简体   繁体   中英

Read line by line and print matches line by line

I am new to shell scripting, it would be great if I can get some help with the question below.

I want to read a text file line by line, and print all matched patterns in that line to a line in a new text file.

For example:

$ cat input.txt

SYSTEM ERROR: EU-1C0A  Report error -- SYSTEM ERROR: TM-0401 DEFAULT Test error
SYSTEM ERROR: MG-7688 DEFAULT error -- SYSTEM ERROR: DN-0A00 Error while getting object -- ERROR: DN-0A52 DEFAULT Error -- ERROR: MG-3218 error occured in HSSL
SYSTEM ERROR: DN-0A00 Error while getting object -- ERROR: DN-0A52 DEFAULT Error
SYSTEM ERROR: EU-1C0A  error Failed to fill in test report -- ERROR: MG-7688

The intended output is as follows:

$ cat output.txt

EU-1C0A TM-0401
MG-7688 DN-0A00 DN-0A52 MG-3218
DN-0A00 DN-0A52
EU-1C0A MG-7688

I tried the following code:

while read p; do
    grep -o '[A-Z]\{2\}-[A-Z0-9]\{4\}' | xargs
done < input.txt > output.txt

which produced this output:

EU-1C0A TM-0401 MG-7688 DN-0A00 DN-0A52 MG-3218 DN-0A00 DN-0A52 EU-1C0A MG-7688 .......

Then I also tried this:

while read p; do
    grep -o '[A-Z]\{2\}-[A-Z0-9]\{4\}' | xargs > output.txt
done < input.txt

But did not help :(

Maybe there is another way, I am open to awk/sed/cut or whatever... :)

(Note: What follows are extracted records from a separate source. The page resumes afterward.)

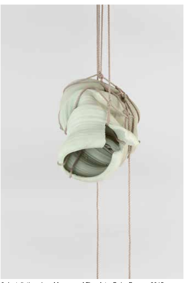
2. Installation view, Museum of Fine Arts, Dole, France, 2015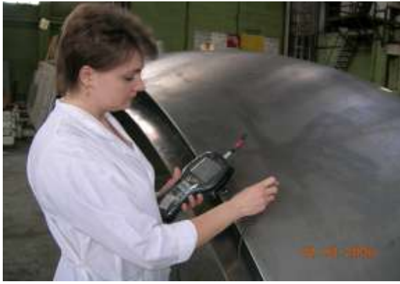
Fig.6. Wall thickness measurements of panel of launch vehicle "PROTON"

The experience received after a long exploitation of the instrument A1270 in the industry allowed setting the ultrasonic velocity range for the alloys used in the production, depending on the aluminum type, delivery party and for the specific production parts.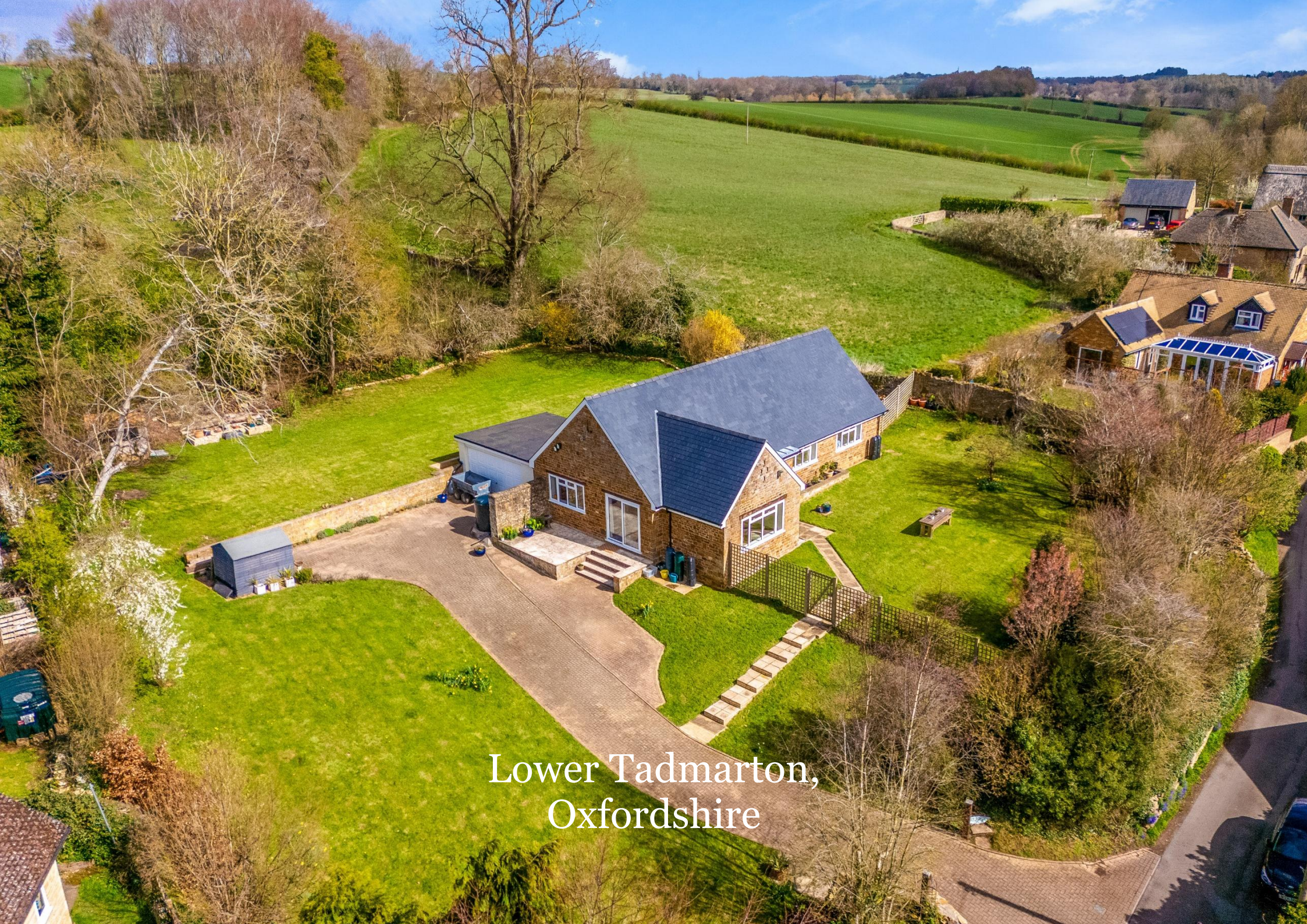
Lower Tadmarton, Oxfordshire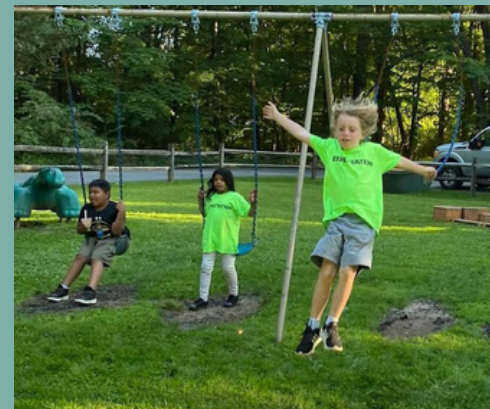
SUMMER OVERNIGHT LEADERSHIP CAMP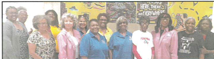
Ladies Auxiliary of the Knights of Peter Claver—Court 351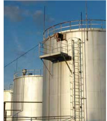
Exploration and Production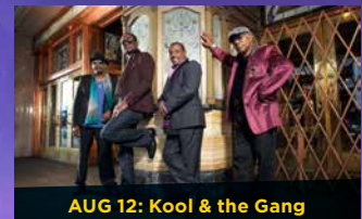
AUG 12: Kool & the Gang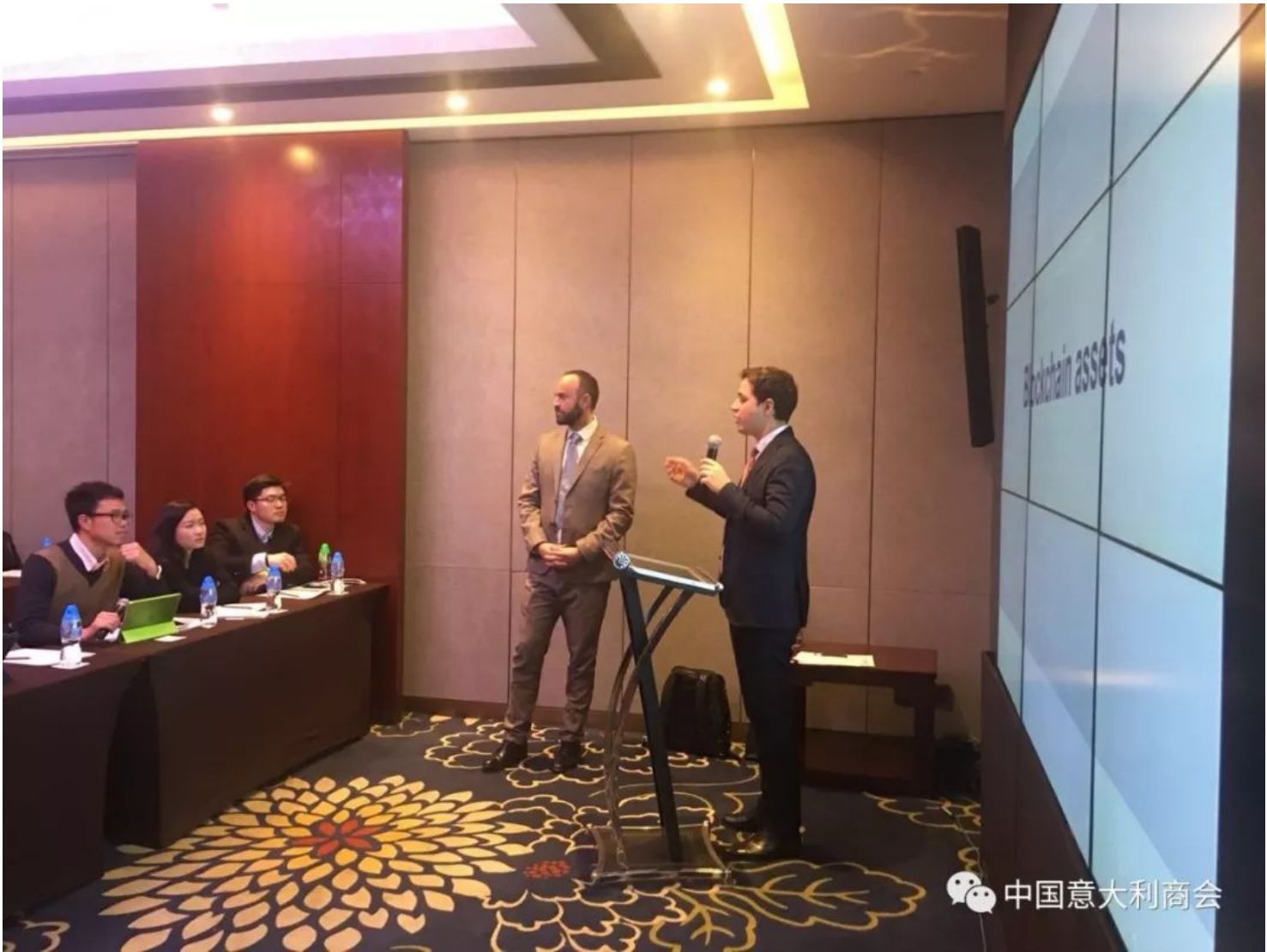
After the speech, during the Q&A session, the guests raised up many questions in an interactive exchange of different points of view with the speakers, which helped to clarify any doubt or curiosity.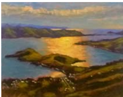
2nd: Phillip Beadle, Above Portobello, Otago Harbour , oil.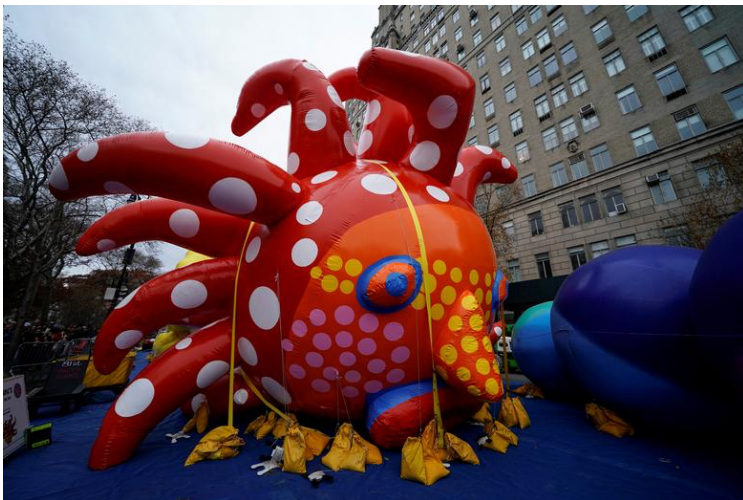
Love Flies Up to the Sky by Yayoi Kusama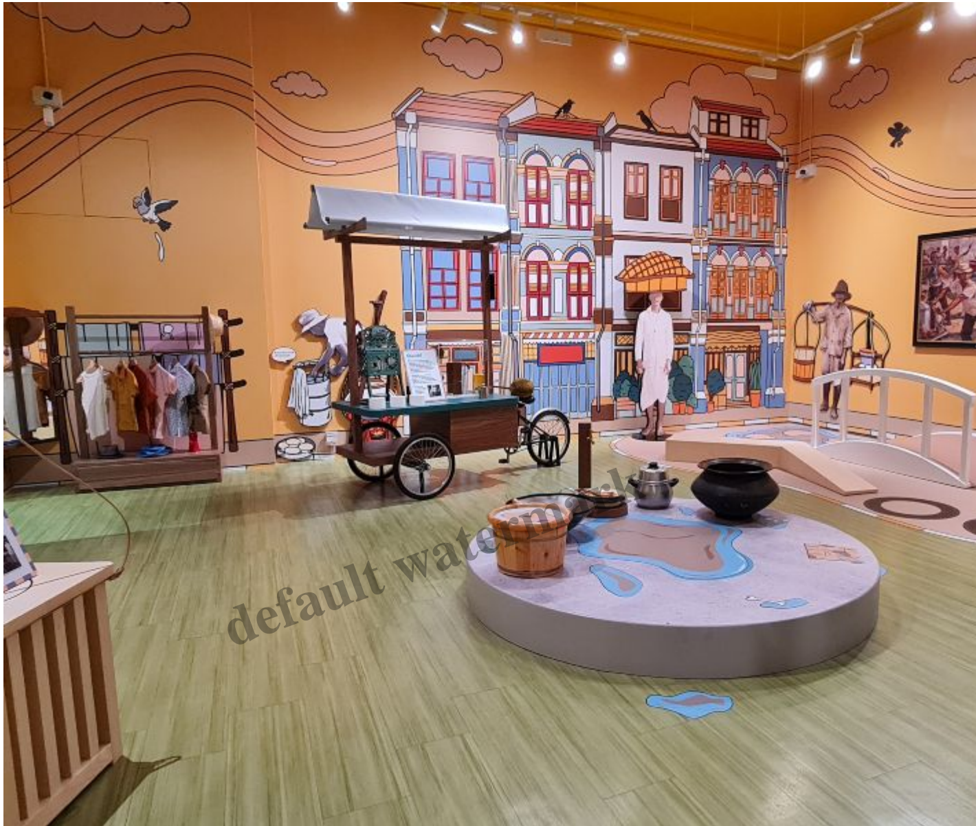
Hawker-themed exhibition titled Into the Hawkerverse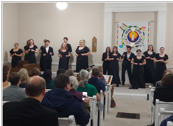
The singers gleefully rocked this fun, rhythmic tune.

◆ The Colchester Historical Society and the United Church of Colchester partnered again to present the Colchester High School Chamber Singers and Chorale on December 12 at the historically beautiful brick church in the village. The musical program included "Grow, Little Tree," "O Magnum Mysterium," "All on a Cold Winter's Night," and others. The concert was lovely with an appreciative audience; it was followed by fellowship and a wonderful variety of delicious food.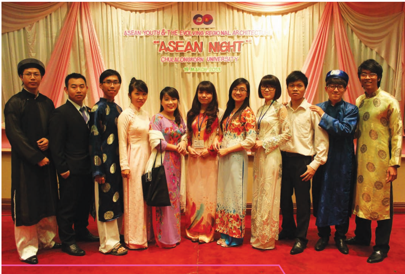
Participants display their national costumes.

In addition, most of the participants took charge of spreading awareness and knowledge they gained from the events to different levels of society, beginning at the level of their own families and extending to the national level, in order to share the deepest values of different cultures and traditions as well as enhance cultural understanding among member countries.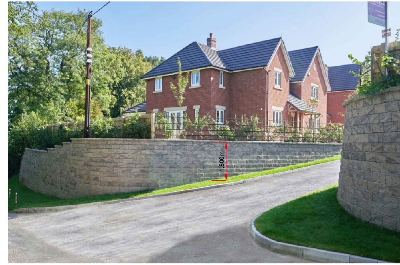
Proposed Tobermore retaining wall example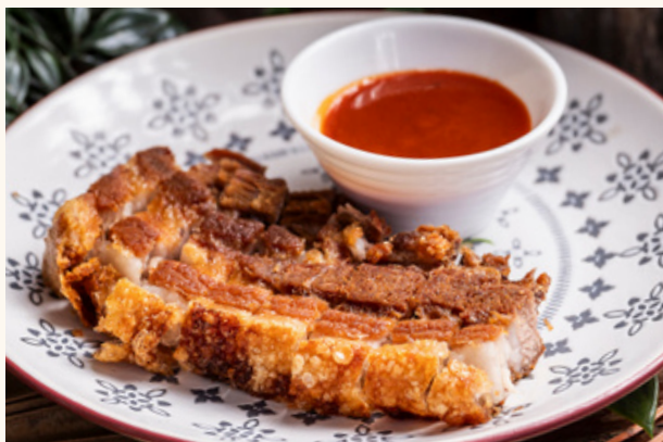
Crispy Pork Belly $18 Home-cured | Thai Lemongrass Chilli sauce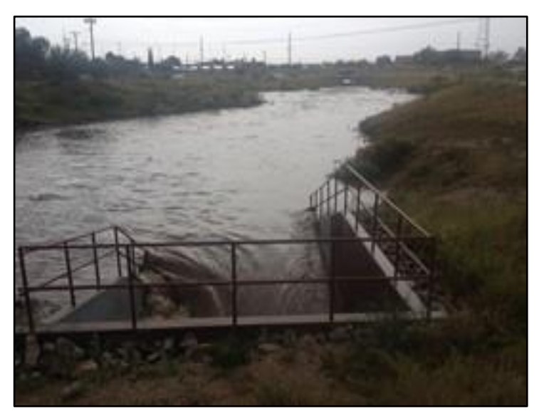
Figure 21: Phase 2B: basin 2 Sept. 8, 2014

Note: There can be any number of Error codes (ie XX:XXXX, the pattern of interest in a single line).

% awk 'BEGIN{RS=": "};NR>1{printf "%s%s", $1, ($0~/\n/)?"\n":" "}' input.txt 
EU-1C0A TM-0401
MG-7688 DN-0A00 DN-0A52 MG-3218
DN-0A00 DN-0A52
EU-1C0A MG-7688

Explanation in longform:

awk '
    BEGIN{ RS=": " } # Set the record separator to colon-space
    NR>1 {           # Ignore the first record
        printf("%s%s", # Print two strings:
            $1,      # 1. first field of the record (`$1`)
            ($0~/\n/) ? "\n" : " ")
                     # Ternary expression, read as `if condition (thing
                     # between brackets), then thing after `?`, otherwise
                     # thing after `:`.
                     # So: If the record ($0) matches (`~`) newline (`\n`),
                     # then put a newline. Otherwise, put a space.
    }
' input.txt 

Previous answer to the unmodified question:

% awk 'BEGIN{RS=": "};NR>1{printf "%s%s", $1, (NR%2==1)?"\n":" "}' input.txt 
EU-1C0A TM-0401
MG-7688 MG-3218
DN-0A00 DN-0A52
EU-1C0A MG-7688

edit: With safeguard against : -injection (thx @e0k). Tests that the first field after the record seperator looks like how we expect it to be.

awk 'BEGIN{RS=": "};NR>1 && $1 ~ /^[A-Z]{2}-[A-Z0-9]{4}$/ {printf "%s%s", $1, ($0~/\n/)?"\n":" "}' input.txt

There's always perl! And this will grab any number of matches per line.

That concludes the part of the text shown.